On Tue, Jul 13, 2021 at 5:32 PM Brian Bunker <brian@purestorage.com> wrote:
>
> On Tue, Jul 13, 2021 at 2:13 AM Martin Wilck <mwilck@suse.com> wrote:
> >
> > Hello Brian,
> >
> > On Mo, 2021-07-12 at 14:38 -0700, Brian Bunker wrote:
> > > Martin,
> > >
> > > > Please confirm that your kernel included ee8868c5c78f ("scsi:
> > > > scsi_dh_alua: Retry RTPG on a different path after failure").
> > > > That commit should cause the RTPG to be retried on other map
> > > > members
> > > > which are not in failed state, thus avoiding this phenomenon.
> > >
> > > In my case, there are no other map members that are not in the failed
> > > state. One set of paths goes to the ALUA unavailable state when the
> > > primary fails, and the second set of paths moves to ALUA state
> > > transitioning as the previous secondary becomes the primary.
> >
> > IMO this is the problem. How does your array respond to SCSI commands
> > while ports are transitioning?
> >
> > SPC5 (§5.16.2.6) says that the server should either fail all commands
> > with BUSY or CHECK CONDITION/NOT READY/LOGICAL UNIT NOT
> > ACCESSIBLE/ASYMMETRIC ACCESS STATE TRANSITION (a), or should support
> > all TMFs and a subset of SCSI commands, while responding with
> > CC/NR/AAST to all other commands (b).

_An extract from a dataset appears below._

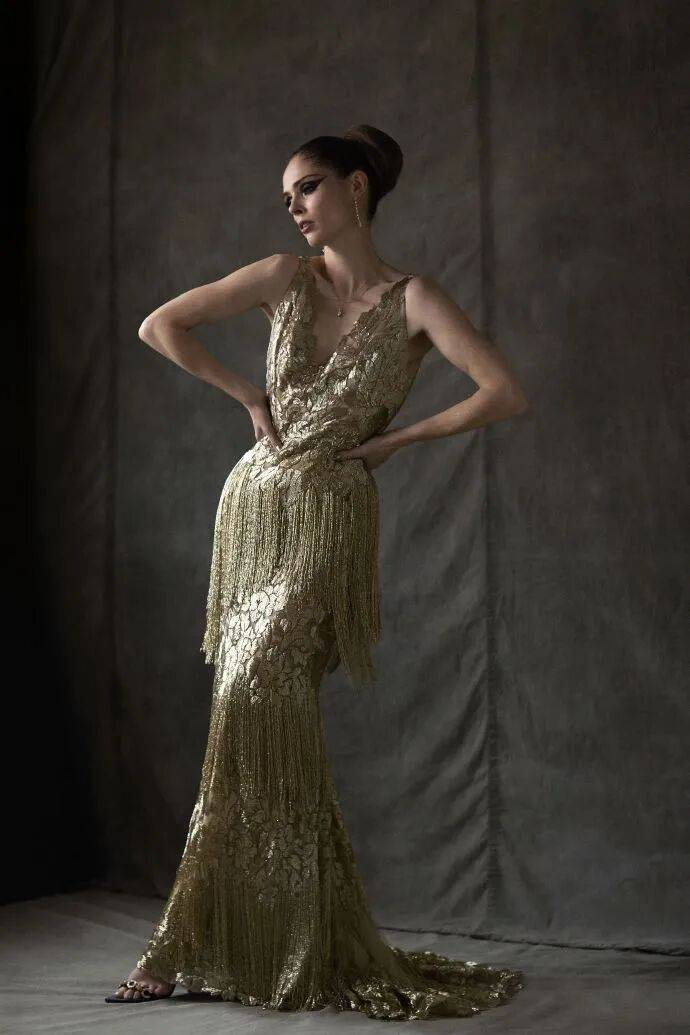 为适配多元场景,Siriano大胆重构传统礼服逻辑。戏剧化的歌剧长手套缀满巨型荷叶边,却作为可选项存在;层叠蓬蓬裙化身两件套组合,让“公主裙”不再受限于盛大场合。一件金色亮片外套搭配缎面阔腿裤,既保留晚装的华丽基因,又赋予日间活动的可能性——正如丽莎在镜头内外自如切换的巨星风范。

SPC6 (§5.18.2.6) is no different.
> >
> > No matter how you read that paragraph, it's pretty clear that
> > "transitioning" is generally not a healthy state to attempt I/O.
> >
> > Are you saying that on your server, the transitioning ports are able to
> > process regular I/O commands like READ and WRITE? If that's the case,
> > why do you pretend to be "transitioning" at all, rather than in an
> > active state? If it's not the case, why would it make sense for the
> > host to retry I/O on the transitioning path?
>
> In the ALUA transitioning state, we cannot process READ or WRITE and
> will return with the sense data as you mentioned above. We expect
> retries down that transitioning path until it transitions to another
> ALUA state (at least for some reasonable period of time for the
> transition). The spec defines the state as the transition between
> target asymmetric states. The current implementation requires
> coordination on the target not to return a state transition down all
> paths at the same time or risk all paths being failed. Using the ALUA
> transitioning state allows us to respond to initiator READ and WRITE
> requests even if we can't serve them when our internal target state is
> transitioning (secondary to primary). The alternative is to queue them
> which presents a different set of problems.
>
> >
> > >  If the
> > > paths are failed which are transitioning, an all paths down state
> > > happens which is not expected.
> >
> > IMO it _is_ expected if in fact no path is able to process SCSI
> > commands at the given point in time.
>
> In this case it would seem having all paths move to transitioning
> would lead to all paths lost. It is possible to imagine
> implementations where for a brief period of time all paths are in a
> transitioning state. What would be the point of returning a transient
> state if the result is a permanent failure?
>
> >
> > >  There should be a time for which
> > > transitioning is a transient state until the next state is entered.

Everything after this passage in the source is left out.